A U.S. Customs and Border Protection vehicle at the border fence in the Rio Grande Valley area of Texas in 2019. (Jinitzail Hernández/CQ Roll Call file photo)

A federal appeals court on Thursday gave the Biden administration permission to continue expelling migrant families under a public health directive known as Title 42, delivering a blow to immigrant advocates who had successfully challenged the policy in court.

In a brief order, the U.S. Court of Appeals for the District of Columbia Circuit granted the administration’s request for temporary reprieve from a lower court order against the expulsion policy, which permits border agents to send back migrants without considering their claims for protection.

The three-judge panel for the appeals court said the government “satisfied the stringent requirements for a stay pending appeal,” but did not further explain its reasoning. The panel was composed of judges appointed by presidents Donald Trump, Barack Obama and Bill Clinton.

The appeals court’s order presses pause on a ruling handed down earlier this month by Judge Emmet G. Sullivan of the U.S. District Court for the District of Columbia, who found the federal government did not have the legal authority to expel migrants who have already crossed the border without considering their claims for asylum.

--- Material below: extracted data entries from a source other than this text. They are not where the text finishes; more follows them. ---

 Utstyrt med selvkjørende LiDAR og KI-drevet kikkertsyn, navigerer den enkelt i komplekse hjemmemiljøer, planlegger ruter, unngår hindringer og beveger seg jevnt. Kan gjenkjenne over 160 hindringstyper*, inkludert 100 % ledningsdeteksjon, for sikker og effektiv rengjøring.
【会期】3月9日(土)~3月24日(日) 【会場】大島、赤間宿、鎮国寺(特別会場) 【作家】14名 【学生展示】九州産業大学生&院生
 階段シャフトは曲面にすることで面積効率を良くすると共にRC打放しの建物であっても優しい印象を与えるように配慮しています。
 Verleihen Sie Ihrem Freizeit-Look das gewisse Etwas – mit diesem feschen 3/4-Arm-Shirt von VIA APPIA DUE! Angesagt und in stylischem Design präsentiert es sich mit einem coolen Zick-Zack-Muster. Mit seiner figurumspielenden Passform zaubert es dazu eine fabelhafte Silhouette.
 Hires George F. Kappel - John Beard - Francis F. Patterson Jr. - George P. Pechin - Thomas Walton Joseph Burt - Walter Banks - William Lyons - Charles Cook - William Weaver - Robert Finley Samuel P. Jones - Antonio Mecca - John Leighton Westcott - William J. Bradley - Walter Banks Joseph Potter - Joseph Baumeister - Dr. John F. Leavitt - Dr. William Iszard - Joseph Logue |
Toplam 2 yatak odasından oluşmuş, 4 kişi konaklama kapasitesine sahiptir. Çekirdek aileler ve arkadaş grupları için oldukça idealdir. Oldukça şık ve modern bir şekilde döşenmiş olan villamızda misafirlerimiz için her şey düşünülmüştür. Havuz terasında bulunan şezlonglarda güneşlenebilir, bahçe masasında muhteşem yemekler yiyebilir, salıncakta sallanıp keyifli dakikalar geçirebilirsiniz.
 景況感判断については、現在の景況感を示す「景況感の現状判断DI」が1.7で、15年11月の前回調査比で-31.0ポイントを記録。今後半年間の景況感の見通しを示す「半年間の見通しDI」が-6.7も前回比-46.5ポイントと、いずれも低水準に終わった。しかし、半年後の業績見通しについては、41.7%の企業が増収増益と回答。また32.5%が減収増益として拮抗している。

[Judge shields migrant families from border expulsion policy]

He also found that migrants subjected to Title 42 “face real threats of violence and persecution if they were to be removed from the United States” and ordered the administration to stop implementing the expulsion policy.

However, Sullivan delayed the effect of his order for 14 days to give the Biden administration a chance to request relief from the D.C. Circuit. His injunction was set to take effect on Friday.

“We are disappointed in the ruling but it is just an initial step in the appellate litigation, and nothing stops the Biden administration from immediately repealing this horrific Trump-era policy,” Lee Gelernt of the American Civil Liberties Union, the lead attorney in the case, said in a statement.

Representatives for the Department of Homeland Security and Department of Justice didn’t immediately return requests for comment late Thursday.

The federal government told the appeals court that Sullivan’s order blocking the directive would increase the spread of COVID-19. It also warned that border facilities where families would be held for processing are “not equipped for physical distancing, quarantine, or isolation at the best of times, and that are now substantially over their COVID-restricted capacity.”

The ACLU and other advocates, which represented migrant families in the litigation, countered that asylum-seekers are at far greater risk if Title 42 is allowed to continue.

“As the extensive record evidence shows, Defendants are literally pushing families, including those with very young children, into the hands of criminal cartels in Mexico. Families are forced back over the bridges by our government while cartels stand waiting to kidnap, assault, traffic, and rape them on the other side,” they wrote.

The advocates also claimed in a court filing that any increased spread of COVID-19 as a result of ending Title 42 would be due to the government’s “refusal to allocate resources to safely process families.”

Though fighting in court to keep Title 42 alive, the Biden administration is already exempting the majority of migrant families from the directive. Of the more than 86,000 people who arrived as a family unit in August, approximately 16,200 were expelled, according to government data.

The decision marks the second time the D.C. Circuit has given Title 42 the green light.

Last year, following an earlier lawsuit by the ACLU on behalf of migrant children traveling alone to the border, Sullivan similarly blocked the Trump administration from using Title 42 to expel unaccompanied minors.

The government appealed, and the D.C. Circuit agreed to temporarily lift that ruling. However, the Biden administration ultimately decided to officially exempt children who cross the border without their parents from Title 42.